TURDUCKEN!

My family’s ghosts of Christmases past would fill a barnyard. I suspect that hovering around the homestead still are the spirits of many, many animals that became dinner over the years. We’ve dined on standing rib roast and brisket, numerous turkeys, Lake Erie walleye – caught in the waters off my hometown in Ohio – and during one ambitious year, a duck. (It was terrible – my fault, I’m sure, because as a newlywed I was more optimistic than knowledgeable.)  

We’ve also taken short trips together around Christmas.  

More modern reading material for
our vegan holidays

But all that has changed. We’re in Florida. Our younger daughter is a vegan activist, and we’ll be dining at home. Although some of her animal rights tactics can be extreme, she is deadly serious about them. Not long ago she had to pick up a few things from the grocery store for her grandfather, who is 83. Buying eggs made her cry; she said we had no right to take the potential chicks from their mothers. Although I don’t have a problem with eggs, most of her anti-carnivorous ways have changed my behavior, too. 

The First (Vegan) Thanksgiving

Fortunately, I don’t think she remembers the holiday dinner that particularly haunts me. We lived in New Orleans at the time, and that year we joined the parade of folks trying the greatest food since French bread: the turducken. All these years later I can picture the skeletal remains of the turkey, duck and chicken joined at the wings, floating above the dining room and squawking at me something about why they had to die so the gluttonous humans could consume three birds at a time. 

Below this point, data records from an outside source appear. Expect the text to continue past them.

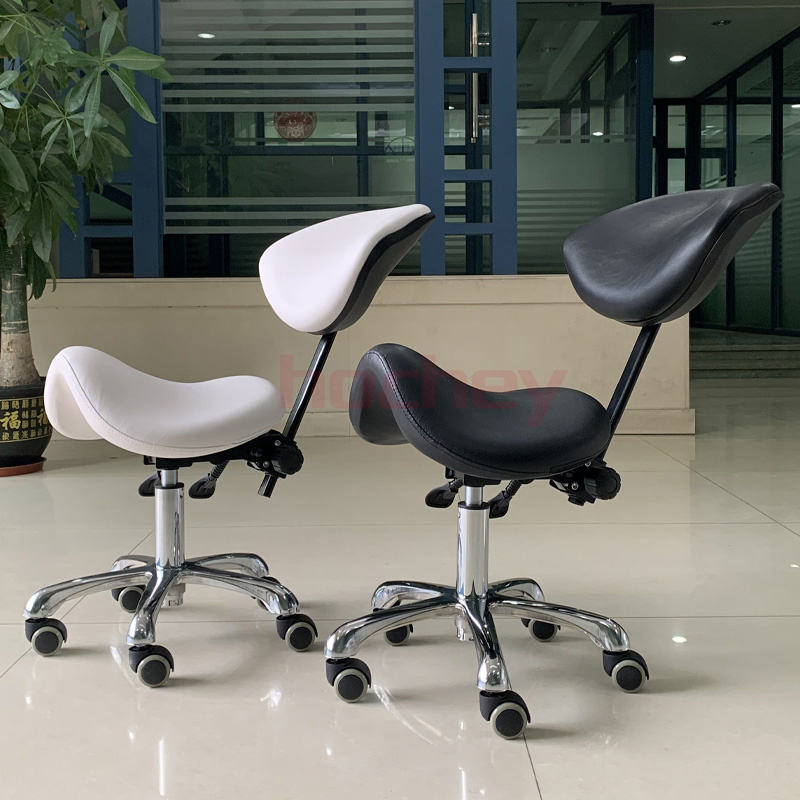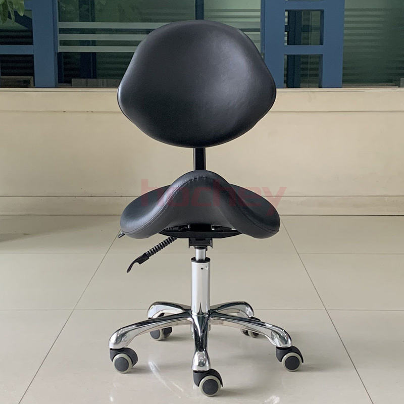 Taburete Redondo Giratorio Elevador de Fábrica Hochey, Taburete Móvil de PU Negro para Médico, Taburete Redondo para Salón de Belleza con Respaldo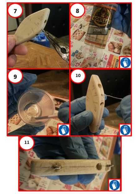 10. utilice el extremo de un clip de papel para aplicar el epoxi en los agujeros de 1/32 pulgadas.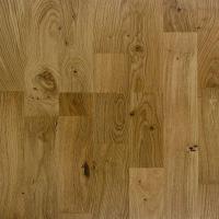Трехполосная доска из дуба в стиле Кантри, покрыта лаком. Допускается редкая заболонь, сердцевинные лучи, темные полосы, сросшиеся и зашпатлеванные сучки.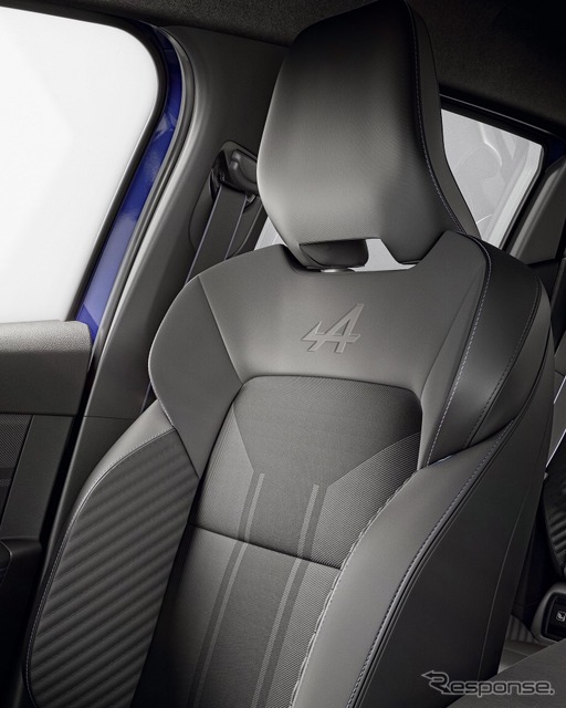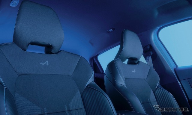 シートはサポート性に優れたバイオスキン×ファブリックのコンビ素材を採用し、前席にはヒーターを装備。アルピーヌロゴ入りの背面デザインも特長だ。
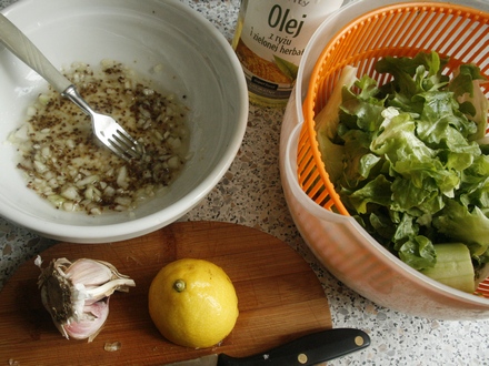 Sałatę umyć i osuszyć. Listki podzielić na minejsze. Na dnie miski energicznie wymieszać sok z cytryny z pieprzem i posiekanym lub roztartym czosnkiem, nie przerywając mieszania dodać łyżeczkę lub dwie musztardy. Ubijając powstały krem, wlewać strużką olej, aż powstanie dość gęsty sos. Spróbować. Do smaku doprawić solą lub cukrem, co kto lubi. Liście sałaty doprawić tuż przed podaniem.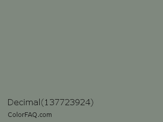 Decimal 137723924 Color is a normal green color and the nearest color is Battleship Grey #848482. Hex code #7f887e and RGB value is rgb(127,136,126). In RGB color space, this color is composed of 50% red, 53% green, 49% blue, In CMYK color space, this color is composed of 7% cyan, 0% magenta, 7% yellow , 47% black , In HSL color space, this color has a hue angle of 114° , 4% saturation and 51% lightness.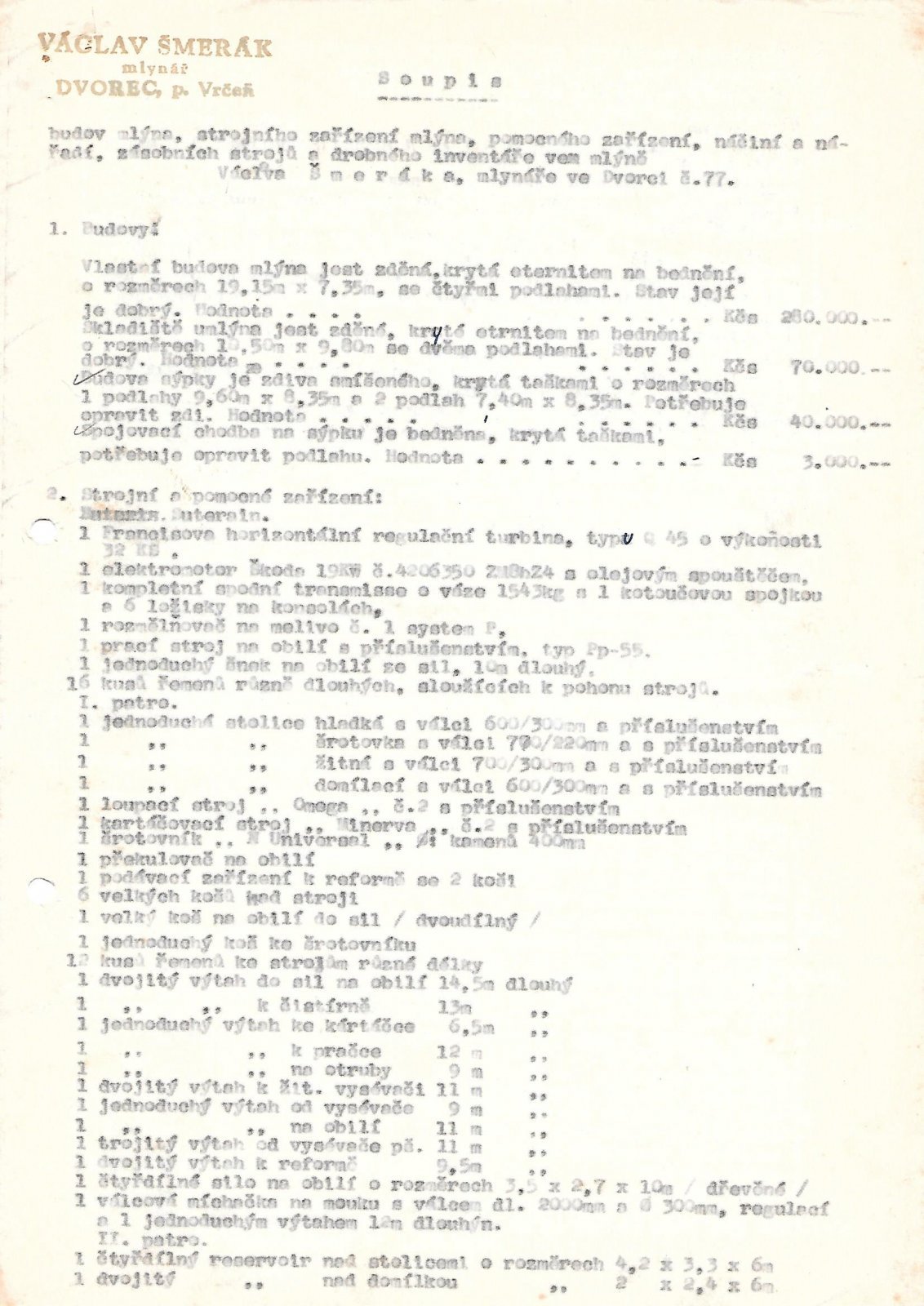 Historie železárenského areálu v Dvorci začíná pravděpodobně již na počátku 18. století, kdy byl zřízen rybník pro pohon kováren i hamrů a postupně vystavěn dům č. p. 77 a 78. Práce byly ukončeny před rokem 1900, později sloužil areál k výrobě řepkového oleje a roku 1920 vybudován mlýn Václava Šmeráka. Jižní část mlýna je již památkově chráněna, pod stavbou na st. p. č. 49/1 protéká původní, dnes do podzemí svedený náhon. Na jižní část navazuje severní, rozsáhlejší budova na půdorysu písmene L, o jejíž více než dvousetleté historii svědčí pozůstatky barokně-klasicistního členění fasády. Právě budova dnešního mlýna tvořila centrum železáren. Ta je dnes poznamenána stavebními úpravami především ze 70. let 20. století. V jádru však uchovává původní, historickou budovu. Areál dále tvoří bývalá olejna, jejíž severní přízemní část je částečně zapuštěna do terénu, jižní část tvoří tři nadzemní podlaží s podkrovím, atypické je využití hrázdění. Na východním okraji areálu nalezneme hospodářský objekt z tradičního místního stavebního materiálu struskových tvárnic, pravděpodobně z počátku 20. století. Z tvárnice je postavena také ohradní zeď.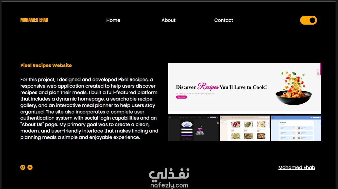 For this project, I designed and developed Pixel Recipes, a responsive web application created to help users discover recipes and plan their meals. I built a full-featured platform that includes a dynamic homepage, a searchable recipe gallery, and an interactive meal planner to help users stay organized. The site also incorporates a complete user authentication system with social login capabilities.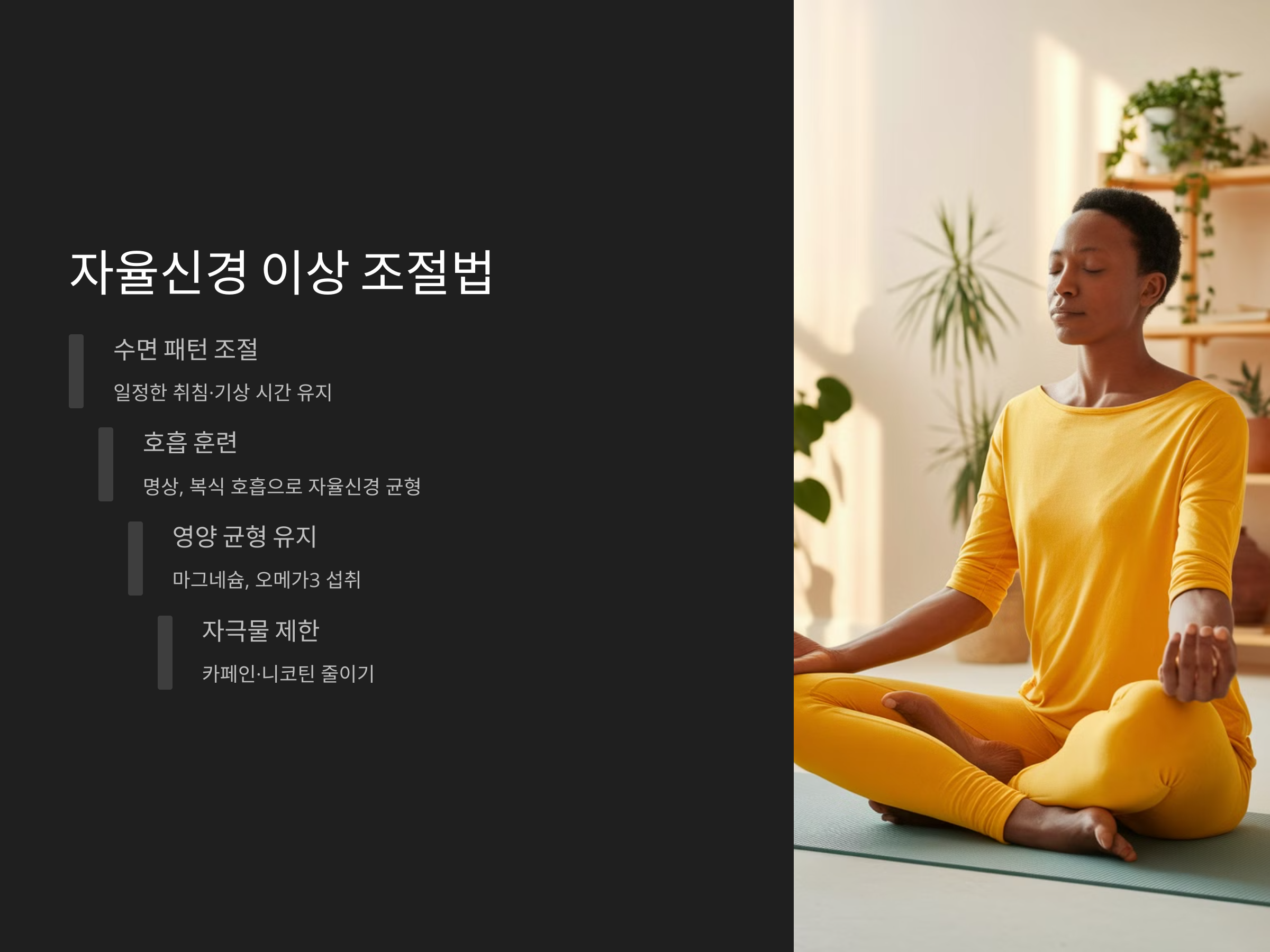 - 호흡 훈련: 명상, 복식 호흡으로 자율신경 균형 맞추기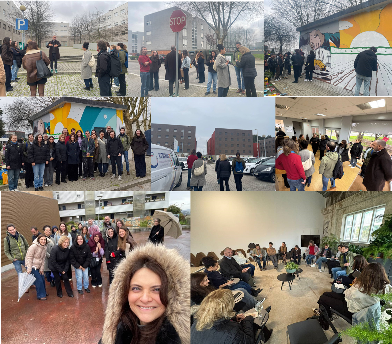 Day two featured site visits led by the MatosinhosHabit team, including Bárbara Sousa, Teresa Saturnino, Elisa Lopes, and Cristina Nora. The team showcased local social housing projects and community-driven initiatives. The group visited Recarei and São Gens neighborhoods, observing ongoing social housing developments and community-led efforts. These visits were accompanied by Deputy Councilor Manuela Alvares, responsible for housing within the municipal executive. A notable stop was the first Second-Chance School created in Portugal, AE2O (Associação para a Educação de Segunda Oportunidade—Second Chance Education), which highlights how collaboration fosters social inclusion and provides learning opportunities for youth at risk of early school leaving. The afternoon was dedicated to visit to the case study in Gaia at D. Manuel Martins neighborhood, guided by Carla Pires, Ricardo Amílcar, and Catarina Ciríaco. The day concluded with a panel discussion titled “What remains of projects beyond their completion for the communities involved in them?” at Fábrica Vasco da Gama a former fish-canning factory transformed into a space for community initiatives and exhibitions. The session was moderated by José Carlos Mota and featured panelists Tiago Lopes (Environmental Engineer at Matosinhos Municipality), David Leite Viana (Head of Urban Planning Division at Matosinhos Municipality), Bárbara Sousa (Social Project Manager at MatosinhosHabit), and Sandra Rosas (Project Manager at Lipor).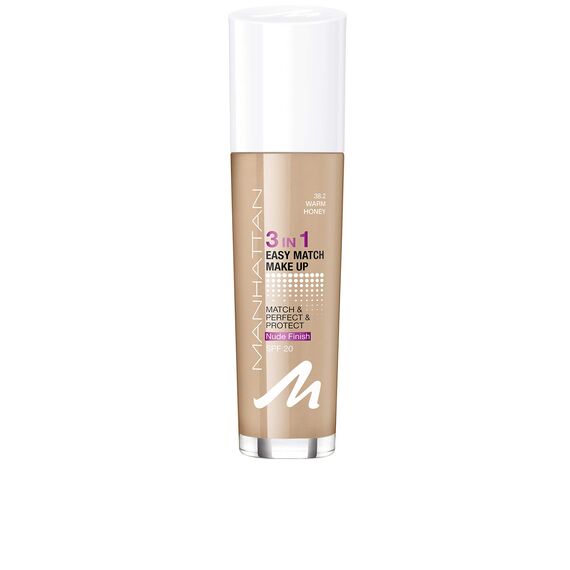 Manhattan 3in1 Easy Match Make Up, ölfreie Foundation für einen makellosen Teint, Farbe 38.2 warm honey, 30ml

Tiny ghosts of Christmas past: Buying shrimp at the Westwego
Seafood Market near New Orleans

Annabelle’s meat-free commitment has been going on for years, despite our assumptions when she was 19 that veganism was a passing fancy. She’s 24, and it isn’t. She even has a large vegan symbol tattoo now on the inside of her right arm.  

Vegan daughter Annabelle, left, demonstrating with her group, a local chapter of Anonymous for the Voiceless, in downtown Fort Myers, Florida. Wearing Guy Fawkes masks, group members hold screens showing videos of factory farms and slaughterhouses. They talk to people about the videos and animal rights if people approach them first.

So this year as in the past several, our Christmas dinner will look exactly like our Thanksgiving meal. We’ll dine on field roast, a ham-alike that in truth looks more like an overcooked pumpkin roll; canned corn with fake butter; baked sweet potatoes with the same fake butter; mashed potatoes with fake butter and almond milk; vegan bread; and the only recognizable side item, the already-vegan jellied cranberry sauce from a can. For dessert: vegan pumpkin pie at a pricey $30. 

An early Thanksgiving meal in October 2018 at Silver Dollar City, on the ‘Only in the Ozarks’ fam

That’s one of the problems of vegan dining: the expense. Doing the “right thing” has a cost. No grocery store is giving away a field roast with $50 worth of the week’s shopping.  

But in the season of Covid – and it’s been such a long one – I’ve been thinking about what’s important. It isn’t the gumbo we make now, a holdover from our Big Easy years. It isn’t even the mango chutney we make from the generous trees in our Florida yard. 

It isn’t about the cruise we took one holiday season and thought we’d take again someday. 

Our whole family may not even be together this season because of the C-word, but I do know what the holidays are about. It has nothing to do with turkey, field roast or cranberry sauce. It’s not about what ship we’re on or country we’re in. It’s about the fact that so far, we’re all OK. I’m so grateful for the health of my family and friends, while I hold onto hope of the same for other families. That’s what every day is about now.